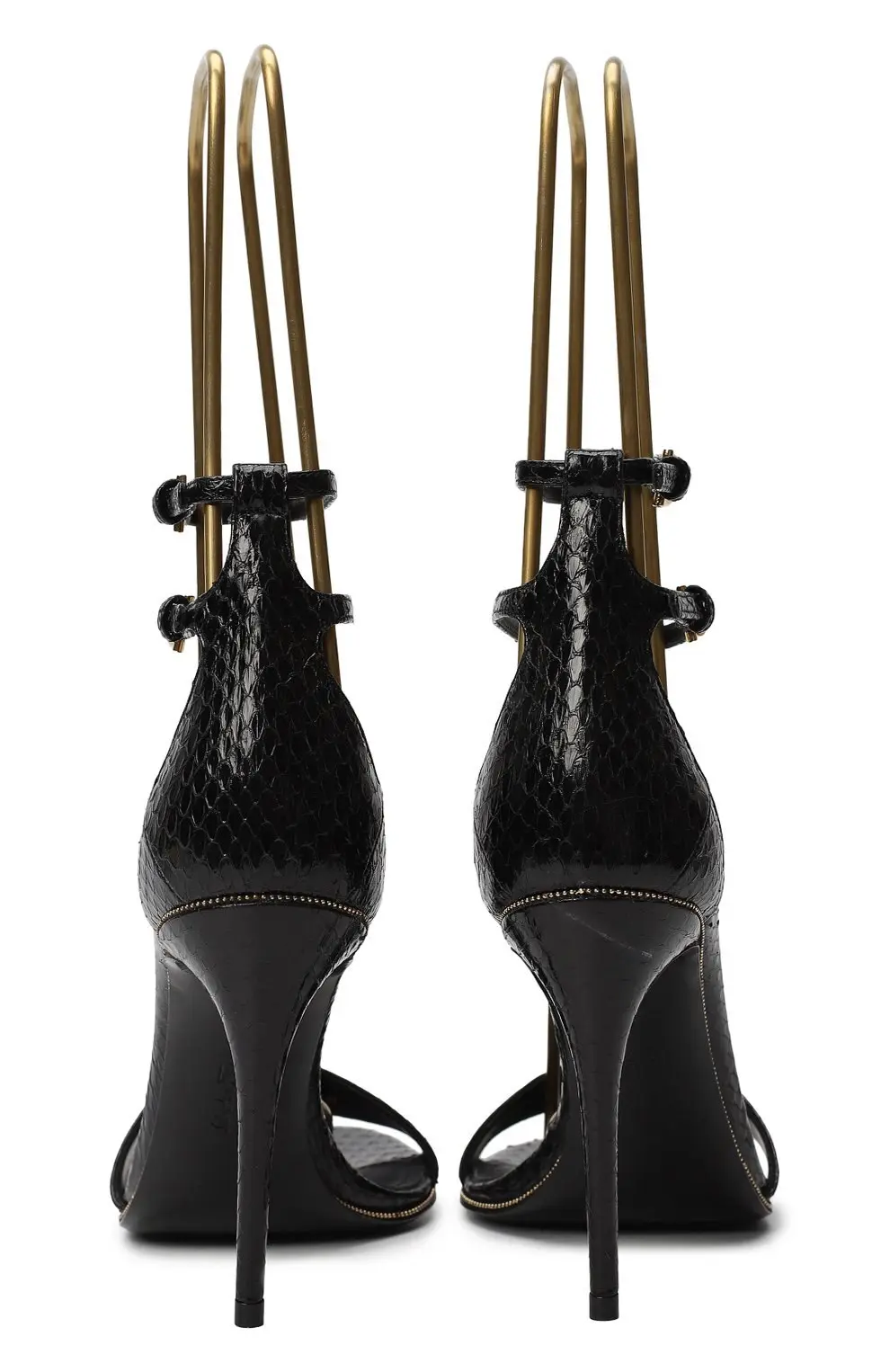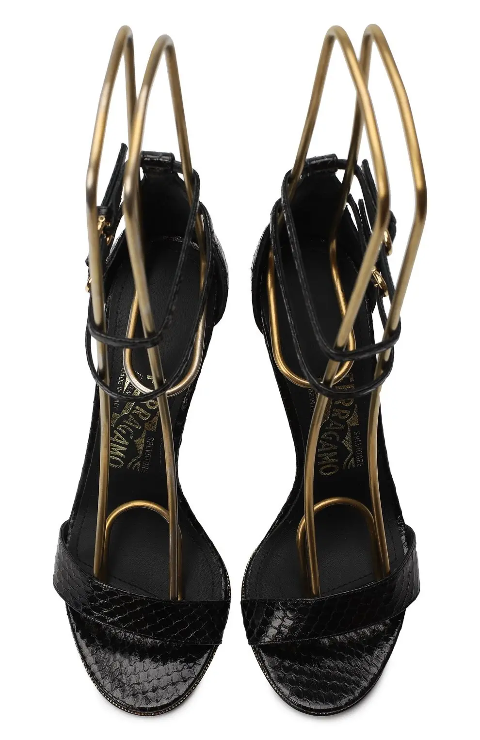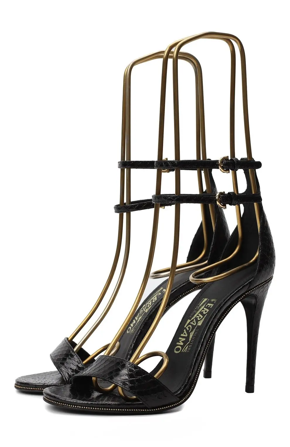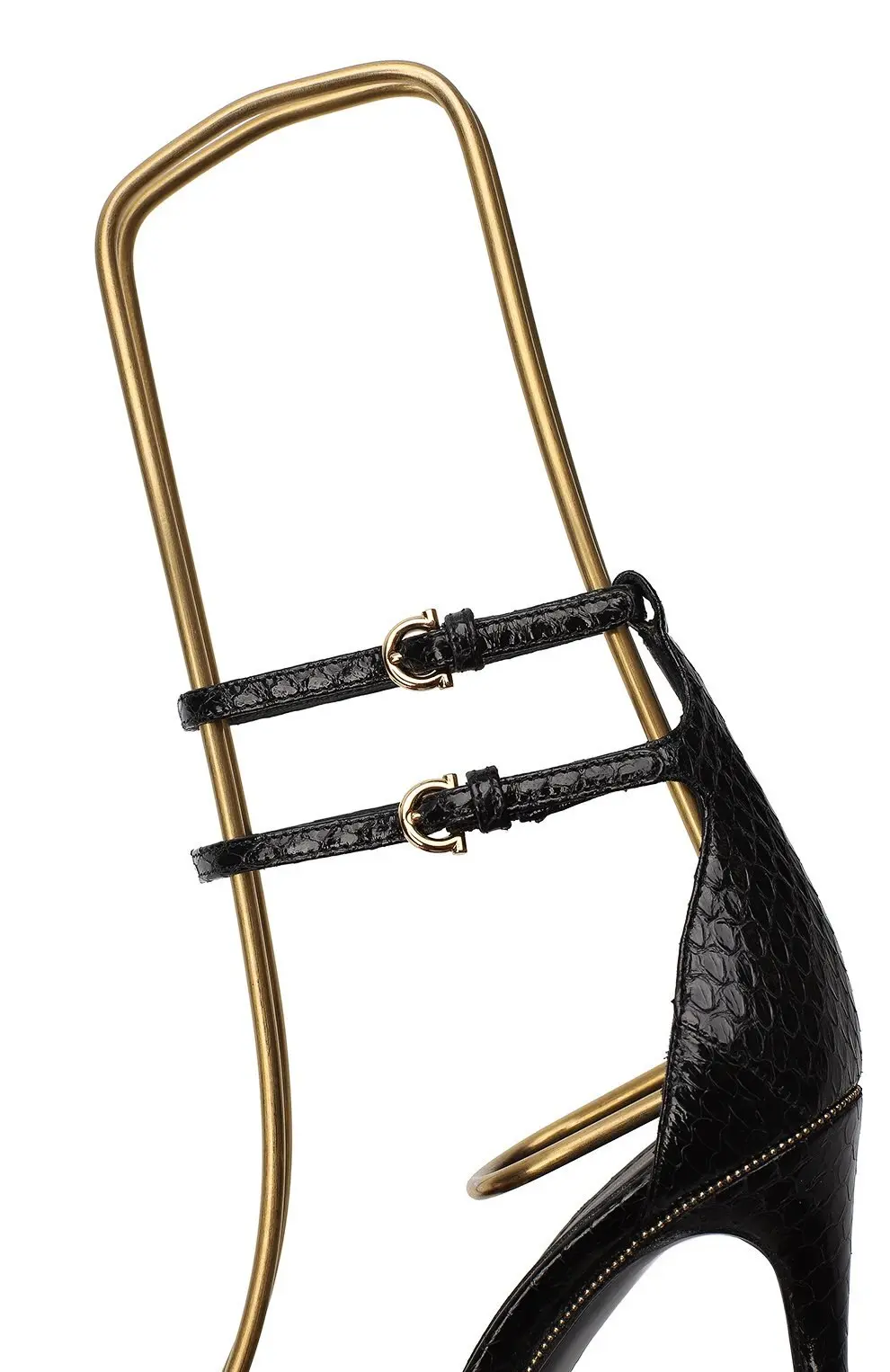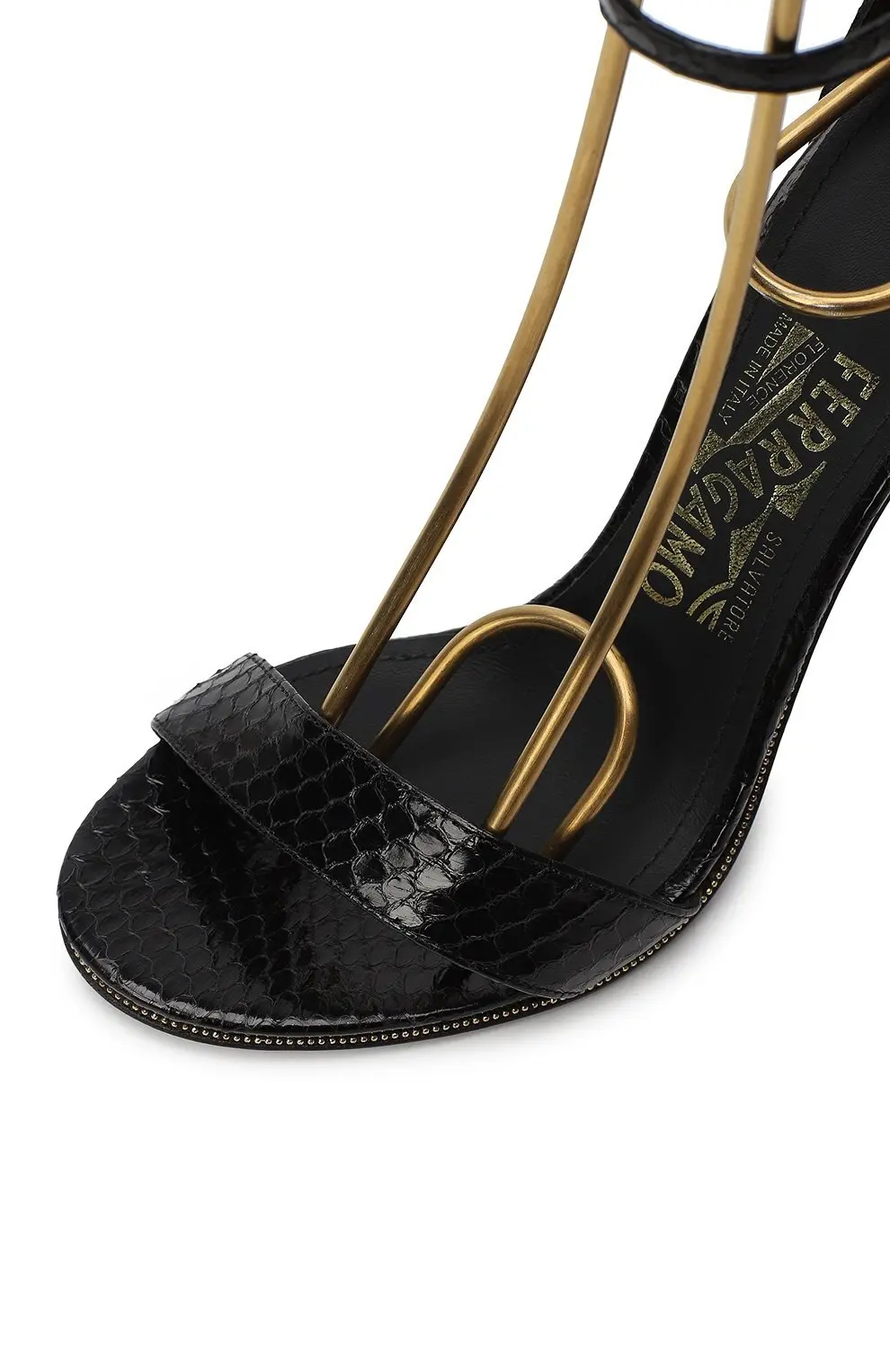 Босоножки Salvatore Ferragamo из кожи питона — воплощение утончённой роскоши. Чёрная экзотическая кожа с характерной фактурой придаёт модели премиальный вид, а тонкий высокий каблук подчёркивает изящность силуэта. Двойные ремешки на щиколотке фиксируют ногу, обеспечивая комфорт и устойчивость. Элегантные детали в золотистом тоне дополняют образ, делая босоножки идеальным выбором для вечерних выходов и особых случаев.
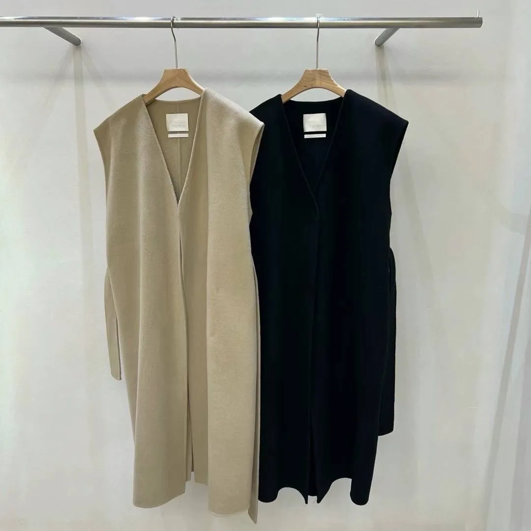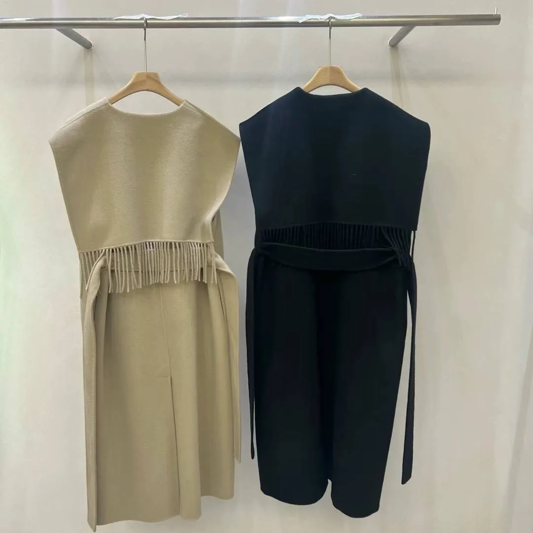 DC464特價後翻領手工羊毛無袖披肩(附綁帶) 奶茶 黑 原價$4980 特價$2990
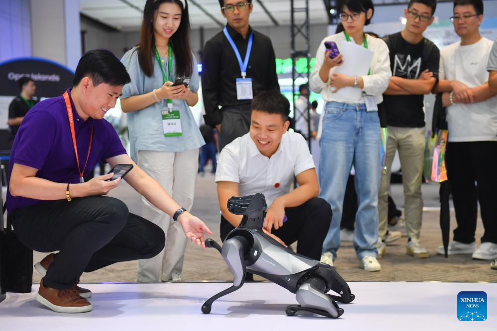 Visitors interact with a robot dog during the 2023 World Computing Conference in Changsha, central China's Hunan Province, Sept. 15, 2023.
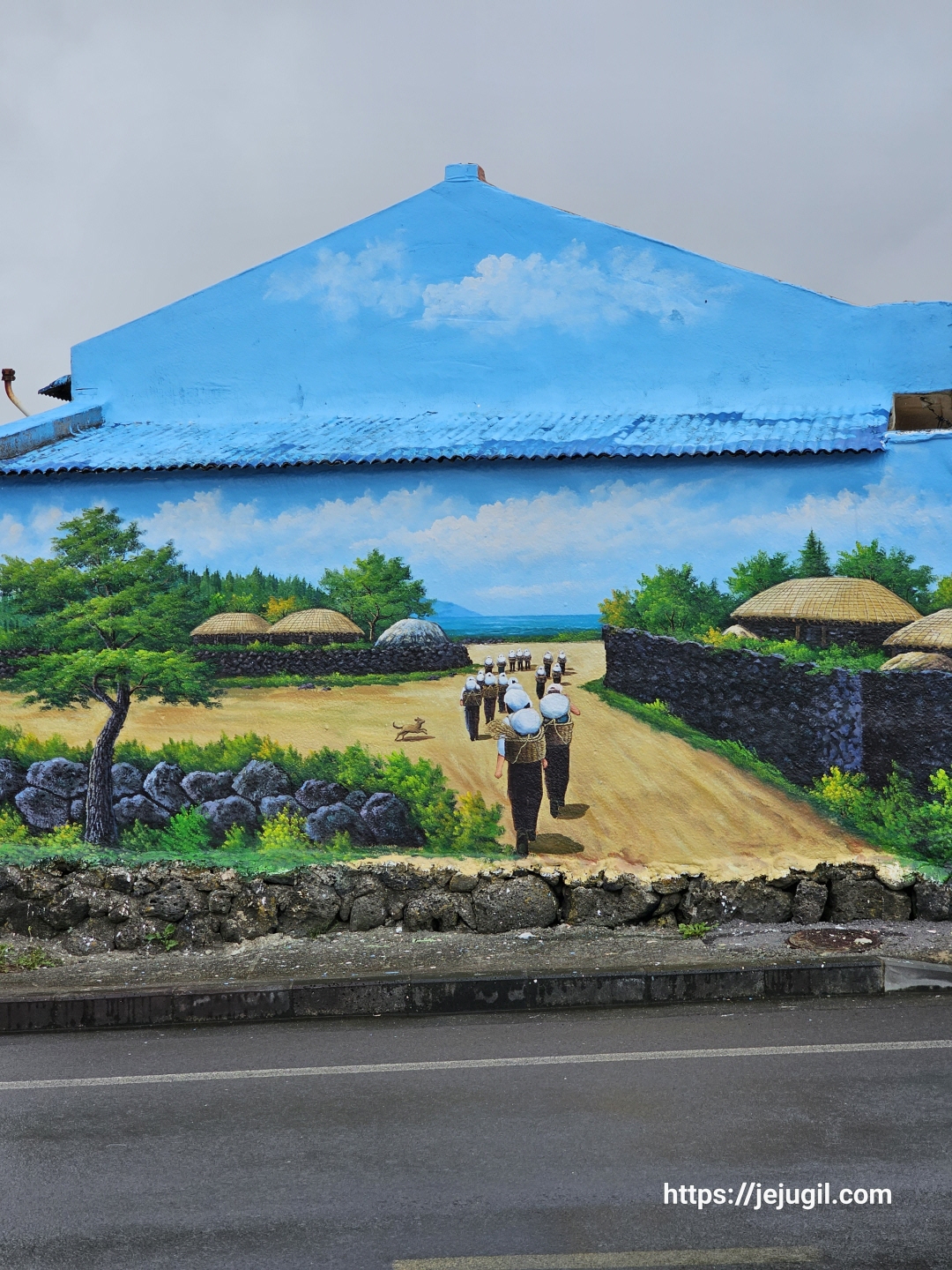신천리 마을에서 볼 수 있는 예쁜 벽화들, 우산을 펼쳐 들고 찍느라 한참을 낑낑거렸다. 그리고는 금새 우산으로는 막기 힘든 소나기가 뿌려졌다.

__To do__
Write down exactly the lines running from the line with "Visitors interact with" through the end of the material, both ends included, and none of the pictures.

__Answer area__
 Visitors interact with a robot dog during the 2023 World Computing Conference in Changsha, central China's Hunan Province, Sept. 15, 2023.
신천리 마을에서 볼 수 있는 예쁜 벽화들, 우산을 펼쳐 들고 찍느라 한참을 낑낑거렸다. 그리고는 금새 우산으로는 막기 힘든 소나기가 뿌려졌다.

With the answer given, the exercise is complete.